Na véspera do julgamento de um pedido de liberdade feito por Eduardo Cunha (PMDB-RJ), o ministro Gilmar Mendes, do STF (Supremo Tribunal Federal), levantou a discussão sobre as prisões determinadas pela Lava Jato em Curitiba, onde o caso é conduzido em primeira instância pelo juiz Sergio Moro.
"Temos um encontro marcado com as alongadas prisões que se determinam em Curitiba. Temos que nos posicionar sobre este tema que conflita com a jurisprudência que desenvolvemos ao longo desses anos", disse Mendes, em sessão da Segunda Turma, colegiado que julga a Lava Jato no STF.
Foi a primeira sessão com a presença de Edson Fachin, novo relator do caso em substituição a Teori Zavaski, morto no dia 19. Presidente da Segunda Turma, Gilmar Mendes abordou o assunto das prisões em Curitiba após o julgamento de um pedido de liberdade feito por outro réu preso na operação, João Cláudio Genu.
Antigo assessor do ex-deputado federal José Janene (PP), que morreu em 2010, Genu foi condenado em dezembro a oito anos e oito meses de prisão por 11 crimes corrupção passiva e associação criminosa na Lava Jato.
No fim de 2016, Teori chegou a colocar a ação de Cunha na pauta da Segunda Turma, mas, sem explicar os motivos, retirou a ação e decidiu levar o caso para ser avaliado pelo plenário, que reúne todos os ministros.
Embora o recurso de Cunha esteja na pauta, sua votação não está garantida. Ministros avaliam nos bastidores que o ideal seria evitar a votação para não desgastar a imagem da corte em caso de uma eventual decisão favorável a Cunha, logo após a volta dos trabalhos da Lava Jato e após a morte de Teori, que determinou o afastamento de Cunha da presidência da Câmara no ano passado.
'Ó DO BOROGODÓ'
Não é a primeira vez que Mendes critica ações da Lava Jato em Curitiba. No ano passado, o ministro disse que os investigadores precisavam calçar "sandálias da humildade" e não podiam se achar o "ó do borogodó".

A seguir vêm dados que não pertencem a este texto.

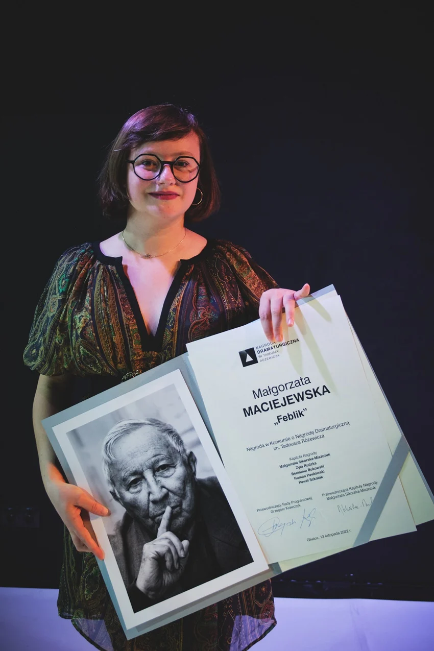 13 listopada w Teatrze Miejskim w Gliwicach ogłoszono werdykt Kapituły pierwszej edycji Konkursu o Nagrodę Dramaturgiczną im. Tadeusza Różewicza. Nagrodę główną i 50 000 zł otrzymała Małgorzata Maciejewska za sztukę „Feblik”.

A ação de Cunha que será analisada no STF corre em segredo de Justiça. O conteúdo, portanto, está sob sigilo. Segundo a defesa do peemedebista, os argumentos que o Ministério Público Federal usou para pedir a prisão de Cunha ao juiz Moro já haviam sido analisados pelo ministro Teori em junho, quando a Procuradoria-geral da República pediu sua prisão e a de outros caciques do partido -os senadores Renan Calheiros (PMDB-AL) e Romero Jucá (PMDB-RR), além do ex-presidente José Sarney (PMDB-AP).
Assim, como os argumentos já haviam sido analisados e o pedido negado, não poderiam ser usados novamente em outro pedido de prisão, diz a defesa.
MÉTODOS DA LAVA JATO
Em uma ação protocolada pelo PT no STF, o procurador-geral da República, Rodrigo Janot, se manifestou a favor da condução coercitiva -instrumento que tem sido bastante utilizado na operação lava Jato e que é questionado pelos investigados.
Na ação, o PT questiona a condução coercitiva para realização de interrogatório e argumenta que a norma viola os preceitos fundamentais da liberdade individual e o direito de não auto-incriminação.
O ex-presidente Lula foi alvo de condução coercitiva em 4 de março de 2016. Ele foi levado a prestar depoimento em uma sala do aeroporto de Congonhas. O ato provocou comoção popular e protestos no local, e foi duramente criticado pela defesa do ex-presidente.
Ao STF, Janot defendeu a medida, que tem como finalidade "investigar processar e, se for o caso, punir responsáveis pela prática de condutas criminosas, sempre respeitadas as garantias constitucionais dos indivíduos".
O último balanço da Lava Jato informa que, apenas na primeira instância (medidas autorizadas pelo juiz Moro), foram realizadas 197 conduções coercitivas.